What to work on: In the output, include exactly the lines from the beginning of the records up to and including the one that contains "位置:云南大理鑫翔公棚2025获奖鸽展示\1129名", and leave out the pictures.

Stored records:
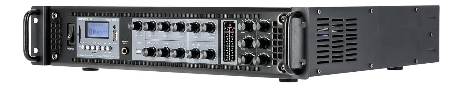 Powerful Output: 350 watts to drive 6 zones with clear audio across multiple areas. Zone Control: Adjust volume independently in each zone to match the environment. Versatile Connectivity: Bluetooth, USB, RCA, optical, and microphone inputs provide flexible audio options. Mic Echo & Chime: Echo control with speed and repeat adjustments plus a chime button for professional announcements. Commercial Durability: Rugged rack-mount chassis and cooling system ensure dependable operation.
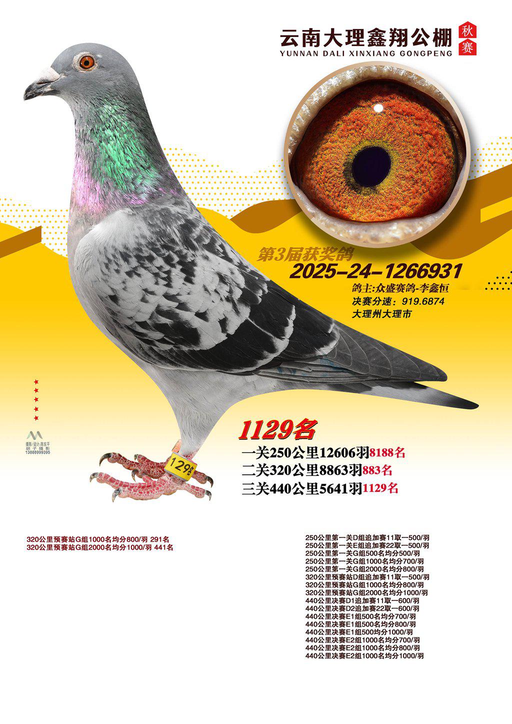 位置:云南大理鑫翔公棚2025获奖鸽展示\1129名
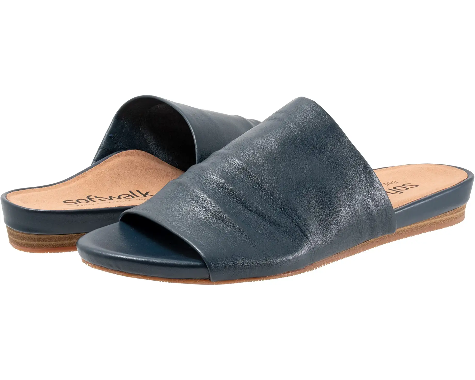 • Asymmetry and subtle ruched detailing adds an element of contemporary-chic to the Camano slide sandal. The Camano sandal offers a cushioned footbed with integrated arch support on a lightweight, flexible sole for maximum comfort.
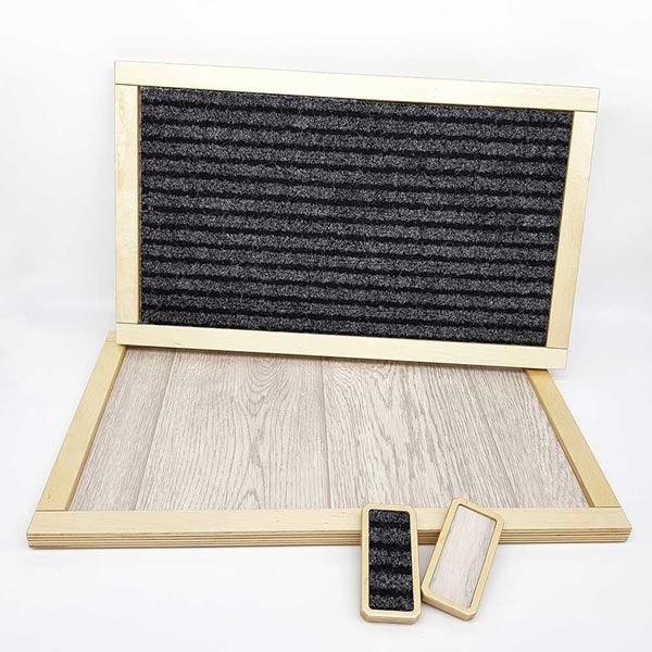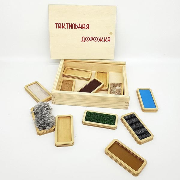 Составная сенсорная дорожка из 10 модулей на деревянной основе. На 9 элементах нанесены различные на ощупь фактуры: пробковое дерево, ламинат, наждачная бумага, ковер с высоким ворсом, искусственный газон, фольга, ковролин (мягкий и гладкий), ковролин (жесткий и рельефный), поролон; один элемент пустой, на него можно нанести любую фактуру, или заполнить его удобными материалами (крупа, песок и т.д.) Элементы выстраиваются в единую дорожку, обучая ребенка в игровой форме отличать различные модули на ощупь.
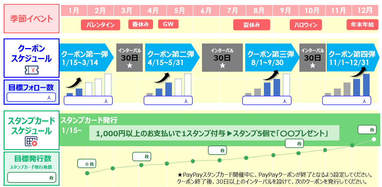 PayPayクーポンで新規のお客様を獲得、PayPayスタンプカードでリピーターになってもらうために下記のようなスケジュールがおすすめです!

Result:
 Powerful Output: 350 watts to drive 6 zones with clear audio across multiple areas. Zone Control: Adjust volume independently in each zone to match the environment. Versatile Connectivity: Bluetooth, USB, RCA, optical, and microphone inputs provide flexible audio options. Mic Echo & Chime: Echo control with speed and repeat adjustments plus a chime button for professional announcements. Commercial Durability: Rugged rack-mount chassis and cooling system ensure dependable operation.
 位置:云南大理鑫翔公棚2025获奖鸽展示\1129名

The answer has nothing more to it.